小張「きっとこの和久廻はこのサーカスにうってつけだと思うのです!是非とも一芸見ていただきませんか?」


団員「はぁ…困るんだよね、そういう輩が増えてるんだ、簡単に入れる程バンシャサーカス団は敷居低くない。それに今皆さん1日目が終わってオフの時だ。非常に迷惑だから帰ってくれ。団長も暇じゃないしな。」


シュウ「せ、せめて一瞬でも!」


団員「力ずくで帰ってもらいますよ?」



 団員の顔が非常にイラついて胸ぐらを掴むんじゃないかという勢いで近付いて来た時、


?「あら、そんなに自信があるなら見せてもらいましょうよ。」

?「一瞬で出来る芸…気になりますね。」


 助け舟を出してくれたのはあの双子。クランとフランだった。


 小張はあっと驚いた顔をし、クランとフランはフフッと小張に笑いかける。


団員「うーん…クランフランさんが言うなら…ほら、すぐ見せて。」


小張「あ、はい!和久!じゃあお願い!」


ワグ「OK!しっかり見ててくれよな!」


 ワグはグルグルと両手首と首を回す。




団員「」

フラン「」

クラン「」


 三人はこの状況に驚き目を見開いて唖然としてる。ワグを見るととても得意気だ。


フラン「あ、あなたもフリークだったのね!」

クラン「ビックリしたわ…」



ワグ「どうどう!?合格でしょこれ!」


団員「ど、どうでしょうか?」


 団員は動揺しながらクランとフランに問いかける。


フラン「こんなの合格に決まってるじゃない!きっと団長は喜ぶわ!」

クラン「合格ですね、驚きを隠せないです、心臓がバクバク言ってます!」


 この言葉にワグは満面な笑みを浮かべる。


シュウ(めちゃくちゃ嬉しそう。)

小張(21にもなって少年みたいね。)


ワグ「へっへっへ!じゃあ今すぐにでも団長と面会したいんだけど!」


 クランとフランは喜んで答える。


フラン「良いわよ!早く団長に会わせたいわ!」

クラン「良いですよ!団長に一刻も早く会わせたいもの!」


ワグ「やったぜ。

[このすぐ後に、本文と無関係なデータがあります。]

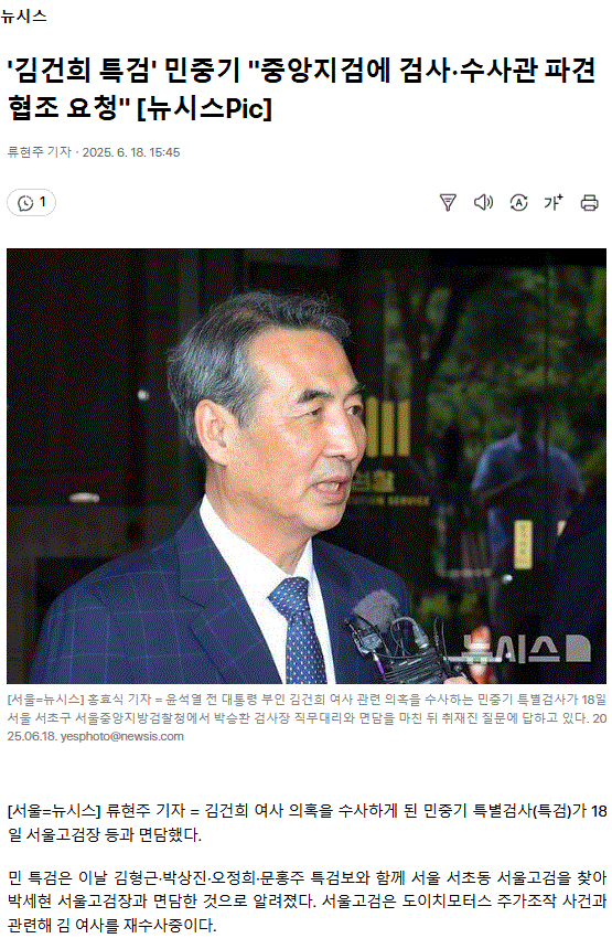 '김건희 특검' 민중기 "중앙지검에 검사·수사관 파견 협조 요청" [뉴시스Pic]

」


 ワグはこっちを見てVサインをする。


シュウ「良かった、、」

小張「何とかなったわね。」


 三人はクランとフランに着いていく形でサーカステントの中へ入って行った。



------------------


 サーカステントの中─


 巨大なテントの中をスタスタと進んでいく、色々なお土産等グッズが売っていた所ではせっせと団員が片付けを行っていてシュウ達に気付いた者は目を丸くして見つめていた。


フラン「団長はこっちよ。」


 そう言って指された所は団員onlyと大きく書かれたドアがあった。


 そこを開けると、すこし広く長い通路が続き横には扉がいくつも付いていた。


クラン「ここは控え室や道具入れなどになってるの、団長の部屋は一番奥の左、私達は右の扉を開けた所に集まってワイワイしてるわ。」

フラン「あー早く他のメンバーにも教えてあげたいわ!」


小張「本当助かりました。クランとフランさんが居なかったらこうはならなかったです。」


フラン「良いわよ!でもお礼は団長としっかり話してからにしたほうが良いわ。」

クラン「そうね、落ちる可能性は無いと思いますけど、どうなるか分かりませんからね。」


 二人はそれと、っと付け加える。


フラン「大事なファンですもん!当たり前よ!」

クラン「大事なファンですもの!当たり前です!」


 二人は嬉しそうにニコニコとして言った。


小張「ありがとうございます!」


 数分歩いて行くとその団長の部屋まで辿り着いた。


クラン「えっと…団長ぉ?」

フラン「団長!!入団希望者よ!きっと気に入るわ!開けるわね!」


 バンッと扉を勝手に開けるクランとフラン。


クラン「えぇ…!大丈夫かな…」

フラン「大丈夫よ!ほら!中に入って!」


シュウ「え!良いんですか!?」

小張「大丈夫なの!?」

 押されるようにして三人は中に入る。


フラン「大丈夫よきっと!団長なら!」

クラン「あっと…えーと…後でまた会いましょう?」


 バタンと扉を閉められる。


 三人は顔を合わし、行こうとコンタクトを取ると奥へ進んだ。すると、バンシャは奥で電話に追われていた。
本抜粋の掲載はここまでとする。